* _Stored dataset items_:
↓↓↓
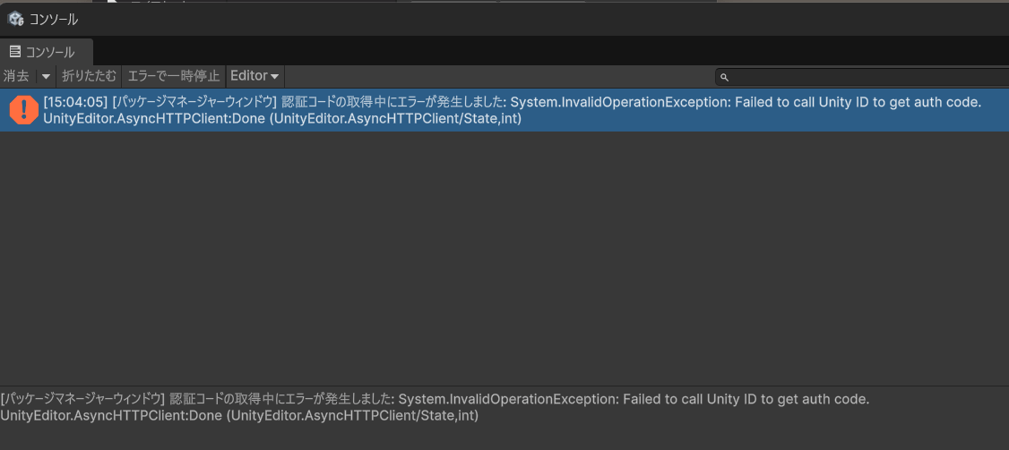[パッケージマネージャーウィンドウ] 認証コードの取得中にエラーが発生しました: System.InvalidOperationException: Failed to call Unity ID to get auth code. UnityEditor.AsyncHTTPClient:Done (UnityEditor.AsyncHTTPClient/State,int) Unity
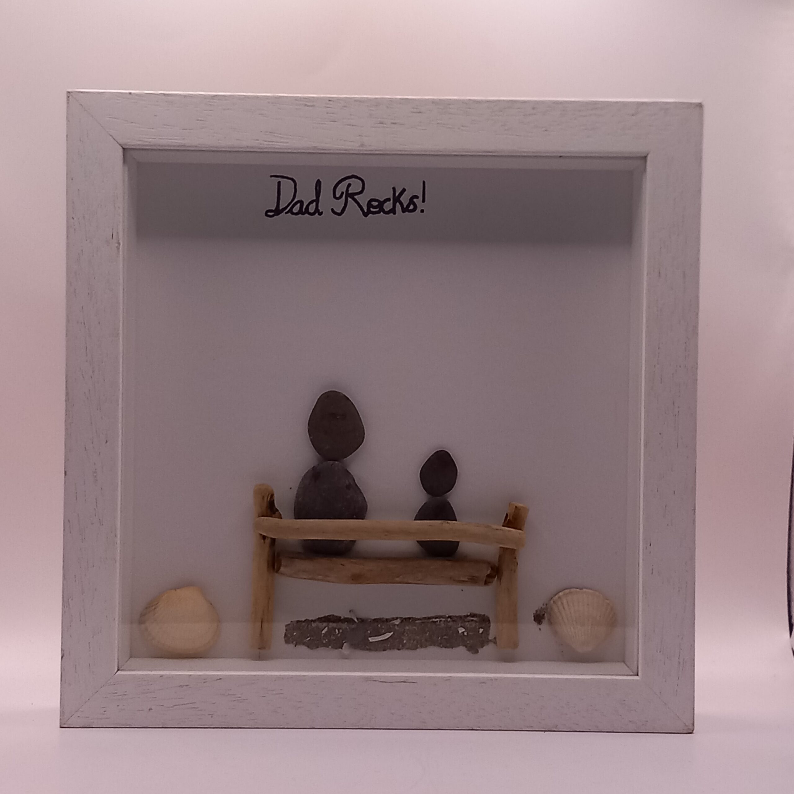 As a dad myself I had great fun making this Pebble art picture frame. Each pebble art picture is made with a mixture of locally sourced sea driftwood, seashells & Sea sand. This mixture makes this picture frame an ideal gift for that all important person. All these frames will free stand or hang from a wall with D ring on each frame. All products are handmade so as a result they are unique. This uniqueness makes it impossible for two products to be the same.
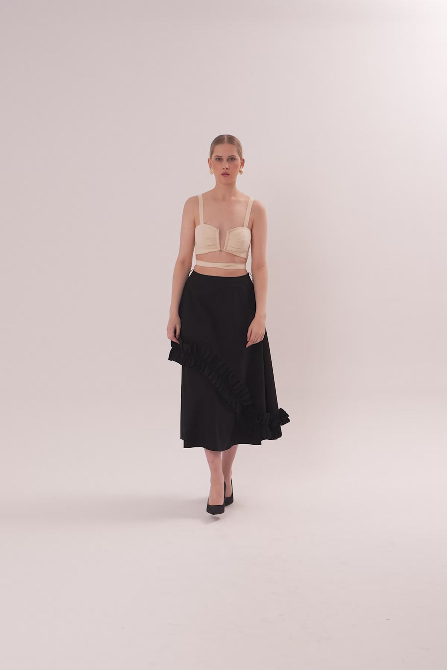 Asymmetric Ruffle Detail Midi Skirt
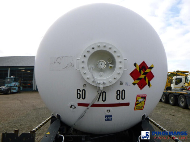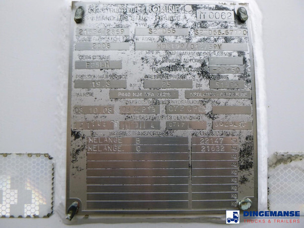 Robine steel gas (LPG) tank, capacity 51506 liter, 1 Compartment, Test pressure 25 bar, Max working pressure 19.3 bar, Year of construction 2008, Tank material code: P25BH // P 440 NJ4 NFA 36215, Air suspension, lift axle, Alloy wheels, ABS, Disc brakes, Mercedes axles, Shipment dimensions 1300x250x350 cm
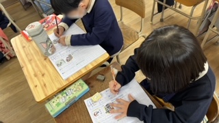 国語の学習で、漢字ドリルと漢字ノートで新出漢字を中心に漢字学習をしました。先生に指導を受けながら進めていました。
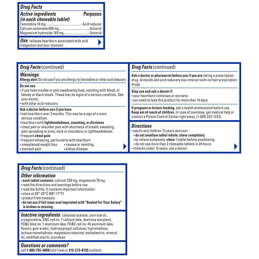 ● Formulated with 10 mg of the acid reducer famotidine, 800 mg of the antacid calcium carbonate and 165 mg of the antacid magnesium hydroxide per tablet, this heartburn reliever helps to neutralize and control acid.
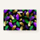 Seamless pattern of bright purple, green, and gold feathers on black Mardi Gras background. Design for the Mardi Gras holiday.
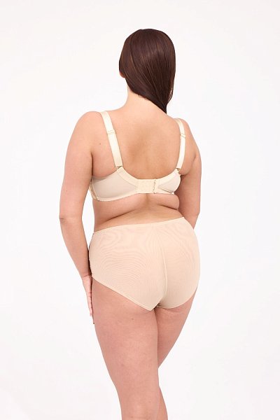 Женские трусики выполнены из сетки с принтом, с вышивкой бежевой нитью и люрексом, спинка из сложенной вдвое телесной сетки, ластовица проложена 100% хлопком. Идеальный вариант для повседневной носки.
↑↑↑
* _Work instructions_:
Please repeat exactly the lines from the one containing "Seamless pattern of" through the last line of the records, both included, and leave out the pictures.

* _Answer box_:
 Seamless pattern of bright purple, green, and gold feathers on black Mardi Gras background. Design for the Mardi Gras holiday.
 Женские трусики выполнены из сетки с принтом, с вышивкой бежевой нитью и люрексом, спинка из сложенной вдвое телесной сетки, ластовица проложена 100% хлопком. Идеальный вариант для повседневной носки.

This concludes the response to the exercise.